Pourtant, l’abattage des poules qui perdent en productivité n’est pas une fatalité, à l'image de ce que propose par exemple l'entreprise Poulehouse, qui s’engage à créer des "poulaillers de retraite" pour sauver les poules de l'abattoir et les laisser encore quelques années vivre et pondre à leur guise. 

Passé 18 mois, les poules ne pondent plus quotidiennement et sont généralement envoyées à l'abattoir alors qu'elles peuvent vivre facilement 6 ans et plus. 

L’oeuf qui finance la retraite des poules

En 2017, a ouvert la première “Maison des poules” en France, afin de proposer une sorte de poulailler de retraite pour les poules destinées à l’abattoir. Ce sont 16 hectares situés à Coussac-Bonneval, à 40 km de Limoges, où elles peuvent continuer d’y pondre des œufs, même si leur rythme est plus faible qu’avant leurs 18 mois, à raison d’un œuf en moyenne tous les deux ou trois jours. Ces oeufs sont ensuite vendus en grande surface et magasins spécialisés, et participent à financer cette drôle de maison de retraite.

Passé l’âge de 3 ans ½, les poules ne pondent plus mais pas question de s’en débarrasser. Elles peuvent y continuer leur vie jusqu’à leur mort naturelle. Évidemment, cela représente un surcoût pour les producteurs, puisqu’il faut accepter de nourrir des poules pendant plus longtemps tout en récoltant moins d'œufs. Pour autant, l'entreprise trouve un écho positif auprès de consommateurs engagés et heureux de soutenir la démarche de ces "oeufs qui ne tuent pas la poule". Elle en a vendu plus de 600 000 en deux ans. 

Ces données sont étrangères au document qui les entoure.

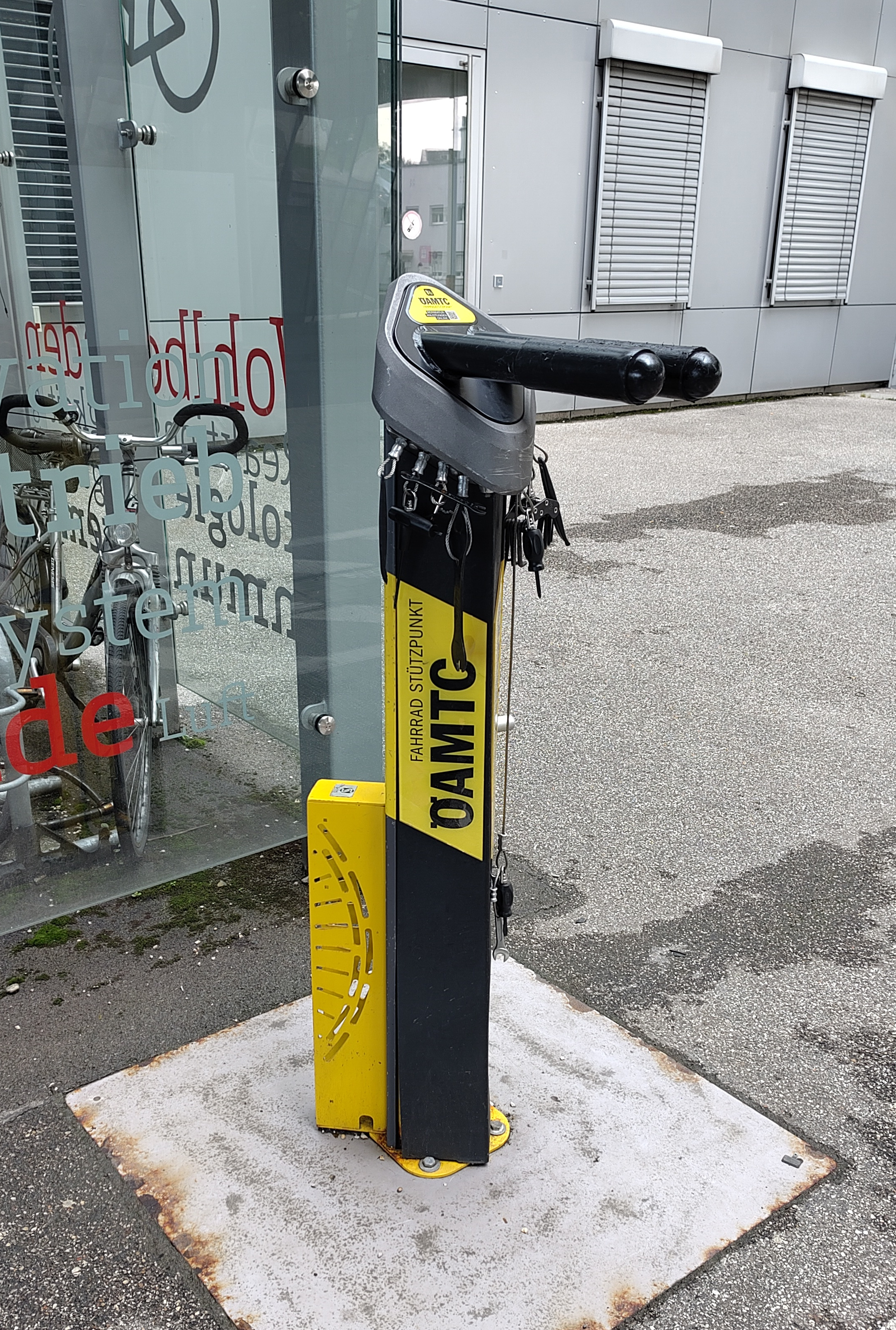 | 11:13, 17. Aug. 2025 | ÖAMTC Fahrradstützpunkt MED-Campus.jpg (Datei) | 2,79 MB | {{Infobox Foto |Name = ÖAMTC-Fahrradstützpunkt |Beschreibung = ÖAMTC-Fahrradstützpunkt, hier beim MED-Campus III/Med Campus IV |Urheber = Christian Wirth (Benutzer:Wirthi) |Datum = 2025 |Ort = |Lizenz = {{CC-BY-SA}} }} {{Bildkategorie|Fahrrad-Verkehr}} {{Bildkategorie|Bezirk Kaplanhof}} | 1 | |
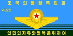 Reverse side of the flag of the Korean People's Army Air Force. | Identical to the former flag except the party symbol is placed within a design containing the façade of the WPK headquarters in Pyongyang. The slogan reads "Let us defend the Party's Central Committee headed by Dear Comrade Kim Jong Un with our lives!" (경애하는 김정은동지를 수반으로 하는 당중앙위원회를 목숨으로 사수하자!)[9] | |
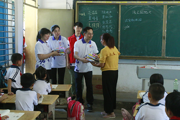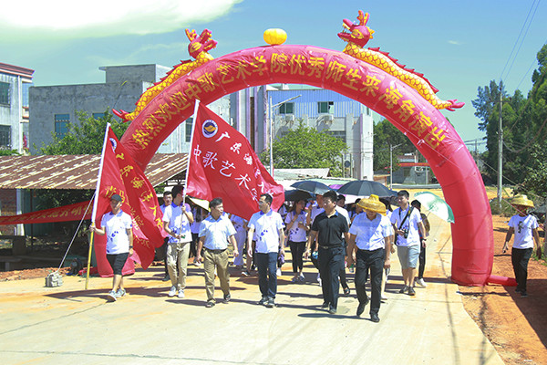 的青年志愿者同学,与小朋友进行了亲切的交流与互动。随后农康副书记代表学院对小朋友们进行了书本捐赠仪式,并鼓励小朋友们要好好学习,成长长材。活动第三项是当晚7点30在海角村戏台举行“精准扶贫筑小康 文化惠民暖海角——大学生文化下基层”专题文艺晚会。整场演出内容丰富、题材多样,包括独唱、合唱、朗诵、小品、国标舞、民族舞等多种表演形式,吸引了海角及周边村庄约2000名群众前来观看。其中,歌曲《我和我的祖国》、《映山红》的深情演唱,表达了人们对伟大祖国的衷心依恋和真诚歌颂;朗诵《学会感恩》和小品《孝顺》体现了扶贫扶志理念,弘扬中华优秀传统,营造淳朴民风的精神风貌;舞蹈《心中的故乡》激发出人人关心、人人参与精准扶贫事业的热情和氛围。那些充满朝气的舞蹈动作和真挚动人的旋律都一再感染了全场观众,掌声不断,现场气氛十分活跃,让观众度过了一个精彩难忘的艺术之夜。
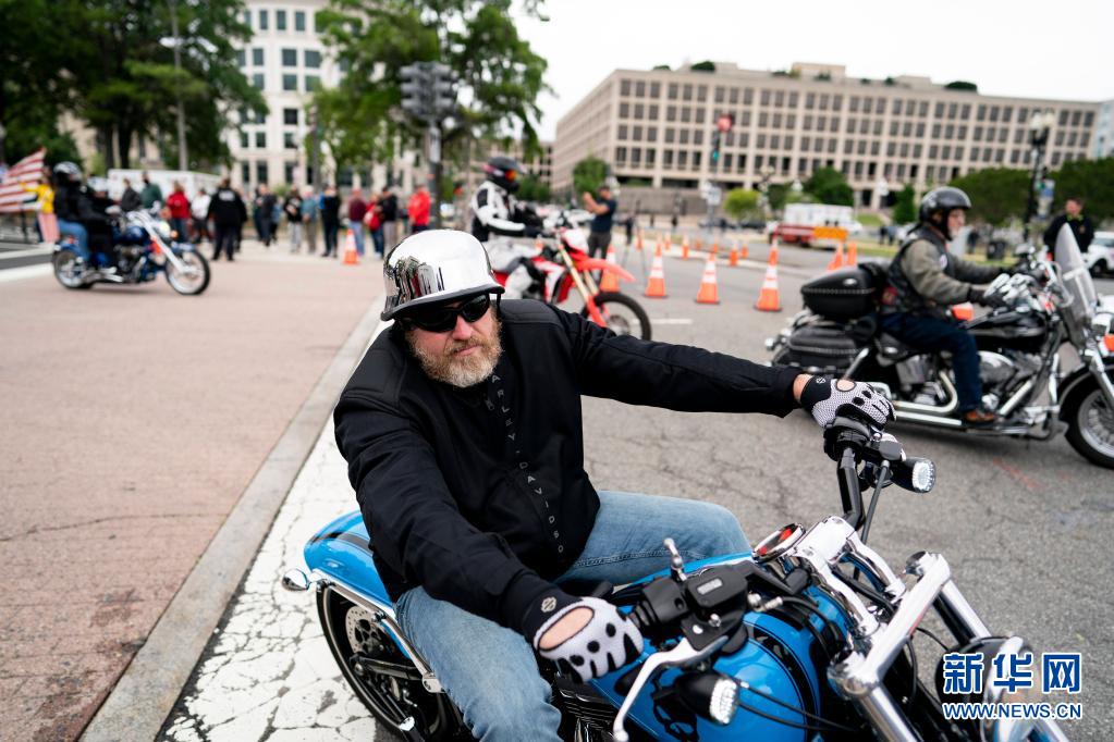 5月30日,在美國(guó)首都華盛頓,人們參加“滾雷”摩托車大游行。
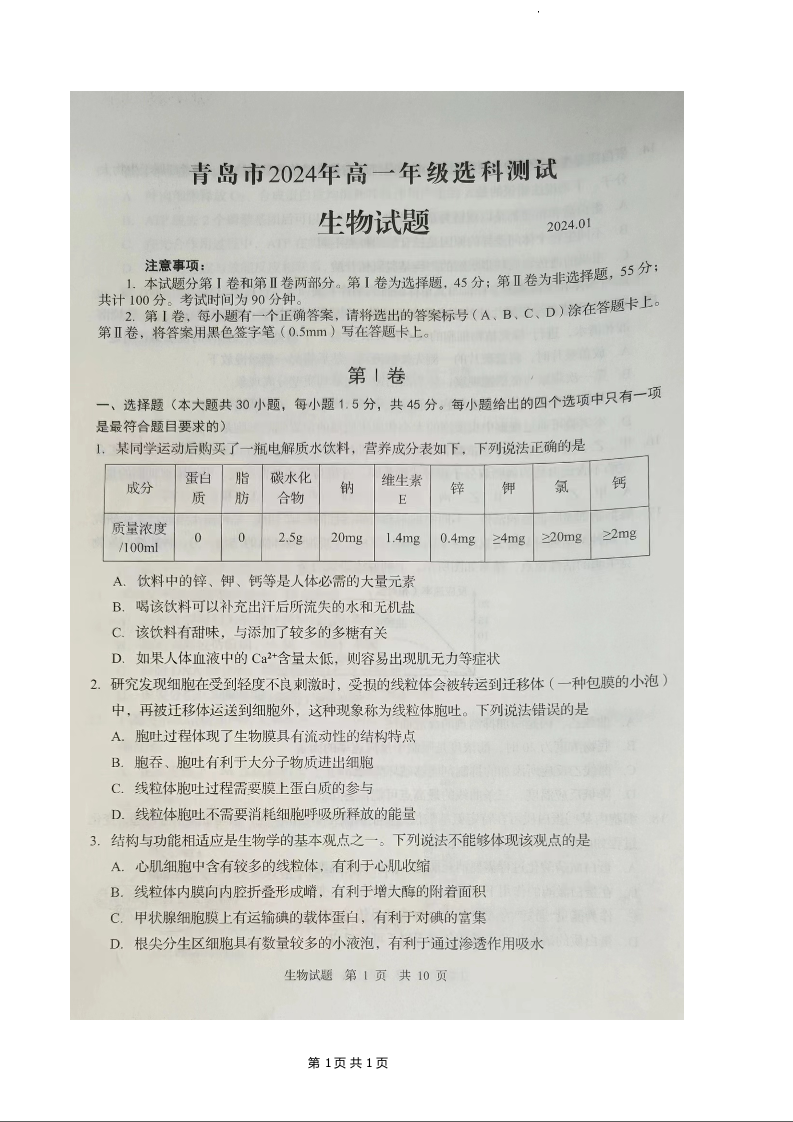 山东省青岛市2023-2024学年高一上学期(期末)选科测试生物+答案

Mettre fin au broyage des poussins mâles

Cette entreprise singulière lutte également contre un autre fléau : le broyage des poussins mâles. Une pratique qui vient d'être interdite en Allemagne et qui est actuellement en discussion en France. 

Une alternative existe pour éviter cela grâce à un "sexage-in-ovo". Cette technique consiste à détecter le sexe de l’embryon dans l’oeuf pour ne couver que les oeufs femelles. Cela évite donc de tuer les poussins mâles indésirables. Des innovations qui nous prouvent qu'il est possible de continuer d'élever des animaux sans pour autant céder à des pratiques cruelles, et qui redonnent un peu d'espoir pour l'avenir.